A bit of steampunkery for Wye Waltz 2011.
I had a grand plan to make a waistcoat with animated glow, controlled by an accelerometer and an Arduino.
But I was too late and too lazy, so I just used always-on EL wire.
The wire came from eBay, a few quid for 7.5 feet of wire and a USB-powered inverter, all the way from China.
For reference, the SparkFun El Escudo is an arduino shield that'll run 8 outputs under software control. Proto-PIC and SK Pang carry it in the UK.
I wanted more channels, so my plan was to use a pair of 74HC595 shift registers in series driving 16 Z0405MF triacs (via a 1k resistor from 595 to the triac gate) to get a 16-channel device that only used a couple of Arduino pins. I actually got this breadboarded with a couple of triacs, driving the wire happily.
There's a helpful Arduino sample for driving the 595 which reduces the coding to trivia.
That was the smallest through-hole triac I could find, if you don't need through-hole the Z0103 might be a better choice. It is certainly smaller.
We start the actual construction with the Modern Tailor Outfitter and Clothier:
These are the instructions for constructing a general waistcoat pattern, starting from a few measurements of the intended wearer.
I followed the instructions to the letter, on a bit of pattern card, then cut it out. Then put those patterns on another bit of card and made a pattern with a seam allowance (15mm).
My waistcoat had three layers - decorative outer, decorative lining, and an middle layer of plain cotton which carried the EL wire (hot-glued on with a dab every couple of inches).I cut the middle layer first for fit testing.
Fit testing suggested that bigger armholes and neck would be more comfortable, so I trimmed the pattern and middle layer to suit.
Then cut out all the layers.
And sewed them together as three separate waistcoats (with the EL wire hotglued onto the middle layer). This was actually a mistake, as the topology required to turn a waistcoat inside out after sewing the edges require the lining side seams to be open. I had to undo some seams in the lining and do the shoulder seams in bits. Next time, I'll plan this part rather better.
Waistcoat pockets turn out to be easy when you work out the trick, but you do need to be precise for it to look good, and you need to sew a bit of outer to the pocket bag to avoid this white stripe.
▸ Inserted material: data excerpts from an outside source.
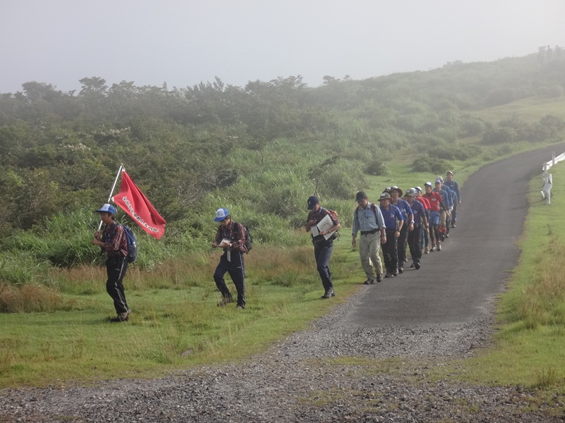 大会2日目に登山活動を行いました。天候は小雨であったものの、選手たちは力強く歩ききってくれました。
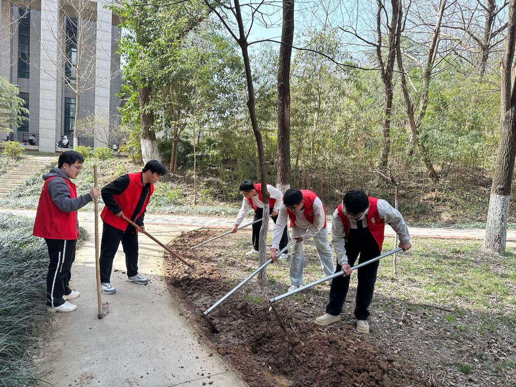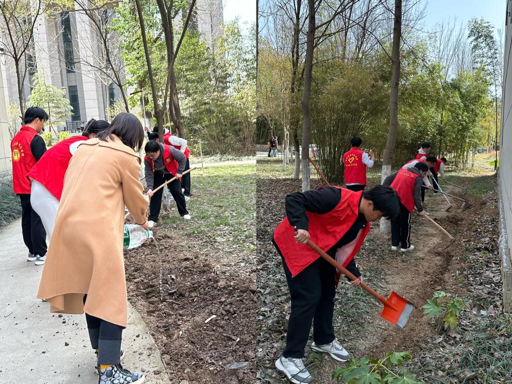 活动现场,师生们纷纷拿起翻土工具投入到植树活动中,挥锹铲土、铲平土块、捡拾垃圾,精心细致翻开板结的土块,提水浇灌土地,而后撒下了花苗,共同为美丽校园增绿添彩。支部还有部分学生走进学校桃园,清扫垃圾,营造美好的踏春赏花环境。
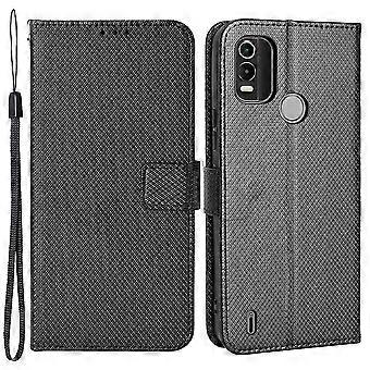 Anti-fall Case For Nokia C21 Plus Diamond Texture Pu Leather Wallet Scratch-resistant Phone Stand Case With Handy Strap
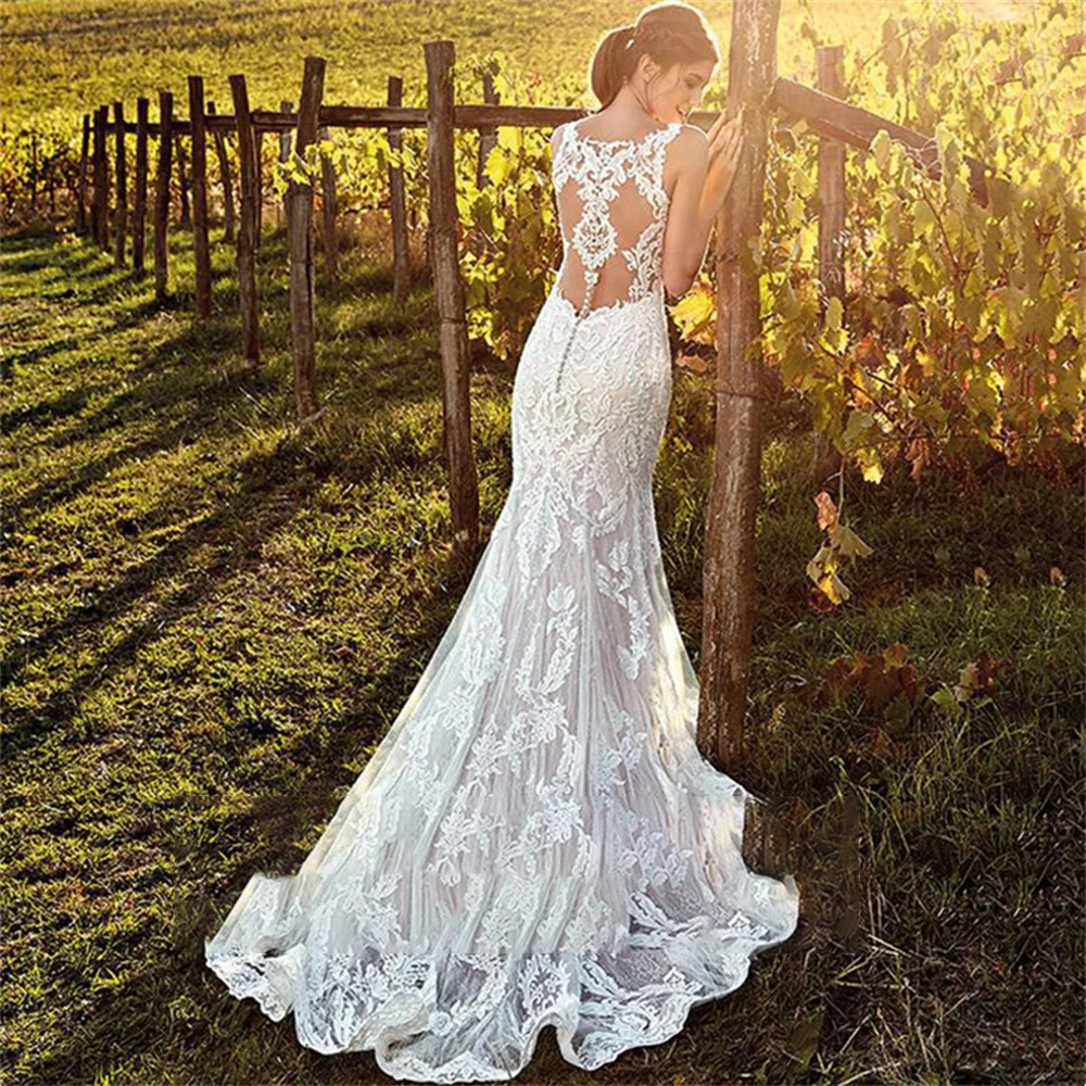 Sexy V-Neck Mermaid Wedding Dress Lace Boho Sleeveless Bridal Gown Pleats Illusion Back

The sequence (to remind me when I do this next) is:
Slit pocket in front, making Y cuts to the corners, to make four flaps
Cut out pocket and welt (both just folded rectangles).
Sew a patch of the outer fabric onto one end of the pocket. This will camouflage the top edge of the pocket if you don't get the alignment exactly right. You can see what happens if you skip this in the photo above.
On the outside of the waistcoat, sew folded welt and front of pocket to bottom flap. The stitch line must run exactly along the line between the bottom corners of the hole.
Push welt and pocket through the hole to the inside of the waistcoat.
Fold front along the top edge of the hole, sew back of pocket to top flap
Fold front along the side of the hole so that L side of pocket and the L end of the welt can be sewn to the L side of the front (the little triangular flap made by your original Y cuts)
And sew all the way down the L side of the pocket
Repeat for R side of pocket
Viewed from the inside:
Having sewn it all up and fitted buttons, I was amazed to find the thing fitted perfectly. Hurrah for science!
Inverters (one for each of the four strands of EL wire) and batteries go in a pocket.